Evaluating the performance of machine learning approaches in predicting Albanian Shkumbini River's waters using water quality index model
Abstract
A common technique for assessing the overall water quality state of surface water and groundwater systems globally is the water quality index (WQI) method. The aim of the research is to use four machine learning classifier algorithms: Gradient boosting, Naive Bayes, Random Forest, and K-Nearest Neighbour to determine which model was most effective at forecasting the various water quality index and classes of the Albanian Shkumbini River. The analysis was performed on the data collected during a 4-year period, in six monitoring points, for nine parameters.

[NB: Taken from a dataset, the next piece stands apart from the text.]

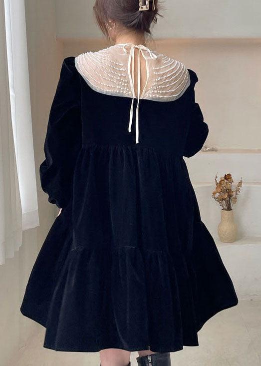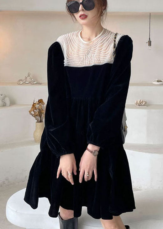 Schwarzes O-Ausschnitt Nagelperlen Velours Urlaubskleid Frühling

The predictive accuracy of the models, XGBoost, Random Forest, K-Nearest Neighbour, and Naive Bayes, was determined to be 98.61%, 94.44%, 91.22%, and 94.45%, respectively. Notably, the XGBoost algorithm demonstrated superior performance in terms of F1 score, sensitivity, and prediction accuracy, the lowest errors during both learning (RMSE = 2.1, MSE = 9.8, MAE = 1.13) and evaluating (RMSE = 0.0, MSE = 0.01, MAE = 0.01) stages. The findings highlighted that Biochemical oxygen demand (BOD), Bicarbonate (HCO3), and Total Phosphor had the most positive impact on the Shkumbini River’s water quality. Additionally, a statistically significant, strong positive correlation (r = 0.85) was identified between BOD and WQI, emphasizing its crucial role in influencing water quality in the Shkumbini River.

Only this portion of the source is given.